Une question nous vient d’emblée à l’esprit. Serait-il possible qu’une des causes de notre décadence, de notre insignifiance actuelle, de cette mauvaise perception que les non-musulmans ont de l’Islam en général soit à chercher dans l’état de nos familles ? Compte-tenu de ce qui a été dit précédemment, cela ne fait aucun doute.

Est-ce, donc, à dire que l’amour n’est pas présent dans nos foyers ? Que nos familles ne sont pas suffisamment orientées vers Dieu ? Très certainement non. L’amour demeure un ciment fort et, pour de nombreuses familles musulmanes le souci de Dieu est bel et bien présent. Alors…?

Une famille est un système complexe fait d’interactions entre ses membres, de même qu’entre eux, pris individuellement et collectivement, et le milieu dans lequel ils agissent. Les sphères de l’affectif, de l’économique, du culturel, du corporel, du spirituel, s’entrecroisent, s’associent, se heurtent parfois… Il faut beaucoup de patience, de sagesse, d’amour, de don de soi, de sens des responsabilités pour que, de ce creuset, rayonne le bonheur et la foi.  « Comme dans toute société humaine non-déréglée, nous dit l’Imam Abdlessalam Yassine[1], la stabilité et le bonheur familiaux sont recherchés dans la société musulmane. La femme est le pilier central de cette stabilité (…), et tel est le rôle de la femme musulmane : celui d’être le pivot du bonheur familial ».
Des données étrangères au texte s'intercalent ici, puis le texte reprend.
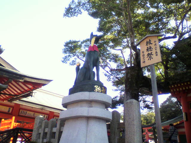 伏見稲荷大社にお参りしました。境内にはあちこちにキツネがいます。まず目に入るのは楼門の両脇のキツネ。狛犬ならぬ、狛キツネです。

Pour que ce bonheur, condition du rayonnement de la foi, soit assuré, il faut que certains critères soient remplis. Le premier d’entre eux est le bonheur de la femme, mère et épouse  Contrairement à ce que cette société individualiste et consumériste véhicule, la base de ce bonheur n’est pas matérielle (même si la facilité du quotidien y contribue), elle est spirituelle. Or, pour que ce bonheur de la femme, mère et épouse, puisse se réaliser, il faut qu’elle soit, tout d’abord, reconnue pleinement en tant qu’ayant les mêmes droits à la connaissance de Dieu, à l’accomplissement spirituel que l’homme.  Le Coran est, de ce point de vue, parfaitement explicite[2]. Mais cette reconnaissance ne suffit pas. Il faut, deuxième condition, que la femme, épouse et mère, soit aussi reconnue, et respectée, dans sa capacité à agir sur le monde, dans son rôle d’acteur déterminant.

On comprend, dès lors, que nous ne pourrons faire l’économie d’une réflexion sur la place de l’Islam dans le monde, dans nos sociétés, sans faire l’analyse critique de notre histoire et de la (non)place que la femme, mère et épouse, y a occupée. Nous ne pourrons, en effet, amorcer de changement profond sans tirer « la femme musulmane contemporaine, retombée encore plus bas que sa sœur antéislamique, de l’abîme d’injustice et de négligence où elle a été ravalée »[3]. Quel choix, quel modèle se présente, en effet, à elle aujourd’hui ? Elle n’en a que deux : soit elle continue à végéter dans l’ignorance, écrasée par l’injustice masculine, soit elle suit le modèle de libération de la modernité, attrayant mais superficiel, qui lui fait croire que son bonheur réside dans la satisfaction de ses besoins matériels et individuels, et qu’être femme au foyer est humiliant, rabaissant ; au mieux : une activité secondaire, périphérique, facultative.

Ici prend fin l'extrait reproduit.